There is no implicit cast because the enum does not have to use int as the underlying type. If your enum used a uint as the underlying type, for instance, there is no implicit cast from uint to int.

The c# enum is useless.
You can avoid casting from your type AND constrain the values that can be explicitly cast to your type by making a sealed class, and providing implicit/explicit conversion operators.
Provide an implicit operator for converting from your type to a generic int so you don't have to cast.
Provide an explicit operator for converting from an int to your type, which throws an error if the integer fails to meet the constraint, such as (int x) => (x >= 0 && x <= 2).
If using this technique, create a generic immutable base class such as ConstrainedNumber<T>, which has a constructor that accepts a T value and delegate for the constraint: delegate bool NumberConstraint<T>(T value). The constructor should run the value through the constraint delegate, and throw an exception if it fails to meet the constraint. The base class should also take care of the implicit conversion operation to T, and should handle equality by overloading object.Equals(object) and object.GetHashCode(), defining == and != operators for the type ConstrainedNumber<T>, and implementing IEquatable<T> and IEquatable<ConstrainedNumber<T>>. I also recommend defining an copy constructor for the base class, and all derived types. Cloning can then be implemented cleanly in the base class by retrieving the copy constructor via reflection, but this is entirely optional. You can figure out the ConstrainedNumber<T> implementation yourself, unless I've already posted it on stackoverflow somewhere.
You can provide named static readonly values in your derived ConstrainedNumber, so that you can access them just like an enum.
public sealed class ReturnValue: ConstrainedNumber<int>
{
public static readonly NumberConstraint<int> constraint = (int x) => (x >= 0 && x < 3);
public static readonly ReturnValue Success = new ReturnValue(0);
public static readonly ReturnValue FailReason1 = new ReturnValue(1);
public static readonly ReturnValue FailReason2 = new ReturnValue(2);
private ReturnValue( int value ): base( value, constraint ) {}
private ReturnValue( ReturnValue original ): base (original) {} //may be used to support IClonable implementation in base class
public static explicit operator ReturnValue( int value )
{
switch(value) //switching to return an existing instance is more efficient than creating a new one and re-checking the constraint when there is a limited number of allowed values; if the constraint was more generic, such as an even number, then you would instead return a new instance here, and make your constructors public.
{
case 0: return Success;
case 1: return FailReason1;
case 2: return FailReason2;
}
throw new ArgumentException( "Value fails to meet the constraint defined for " + typeof(ReturnValue).FullName + ".", "value" );
}
}
You could use this technique for any constraint. For example, a class called EvenNumber may have a constraint that returns true if the given number is even. In that case, you'd just make your constructors public, and simplify your static conversion operator to just return a new EvenNumber, instead of switching to return one of the limited existing instances.
It could be used like this:
EvenNumber x = (EvenNumber)2;
EvenNumber y = (EvenNumber)3; //throws exception "Value fails to meet the constraint defined for {namespace}.EvenNumber." A c# enum would stupidly allow such a cast, creating an invalid EvenNumber, breaking the object-oriented model
int z = x; //implicit conversion, no cast necessary;

Enums and ints are simply not implicitly castable as per the spec (except for the literal 0, which is allowed for comparison tests / assignments / etc). The explicit cast is all that is needed, though.

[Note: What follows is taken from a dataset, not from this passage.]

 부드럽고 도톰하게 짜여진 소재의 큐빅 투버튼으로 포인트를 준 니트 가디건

Strangely enough, this is not specific to the .NET Framework, but just to C#. As the other commenters have already pointed out, in C# this is basically a specification of the language. The same is not true in VB.NET.
Check out the MSDN reference page for Enums in VB.NET. Note that you can specify the data type of an enumeration at Enum declaration time.
That means, if you really don't want to litter your code with casts to (int), you could write your enumeration in VB.NET, declare it as an integer, then use that Enum from C#.
Remember how they told us computers would make our lives so much simpler? :)

No, you can't avoid casting; as to why there's no implicit conversion, I don't know, but there's not.

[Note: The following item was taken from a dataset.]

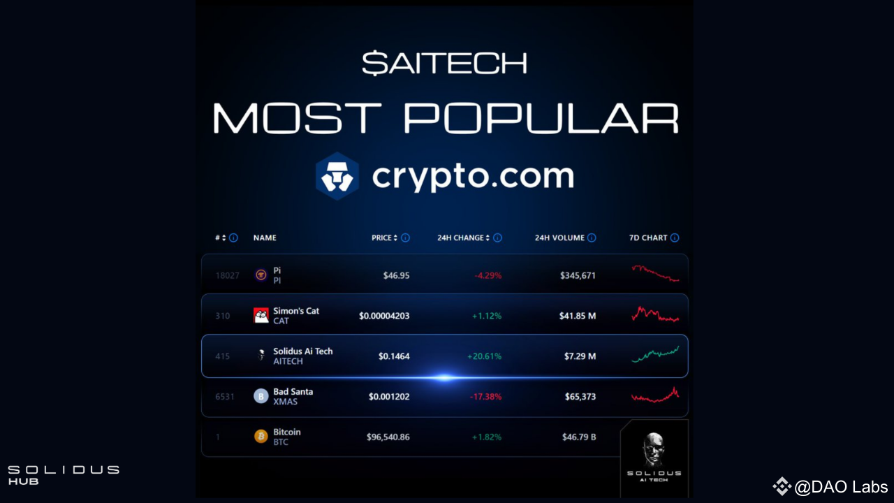 @AITECH vyvolává zájem, když stoupá mezi seznamem nejpopulárnějších tokenů, přičemž za jeden den vzrostl o 20,61 %. Objem obchodování s tímto tokenem také vzrostl na 7,29 milionu dolarů, což z něj činí velmi populární token ve komunitě kryptoměn a na Crypto.com.

You can ascribe this behaviour to the basic intention behind creating Enumerations... to create a set of named constants that can only have specified (or default) values depending on the underlying type.
There are two separate issues to consider, as related to your question:
An Enum value cannot be treated as an int by default because then you would be able to provide any integer and there would be no compile time check to validate that the provided integer does in fact exist as a value in the Enumeration.
Casting becomes necessary since you are trying to convert from the governing type (of type YourCustomEnum which derives from the System.Enum class) to the underlying type, i.e., int or byte, etc.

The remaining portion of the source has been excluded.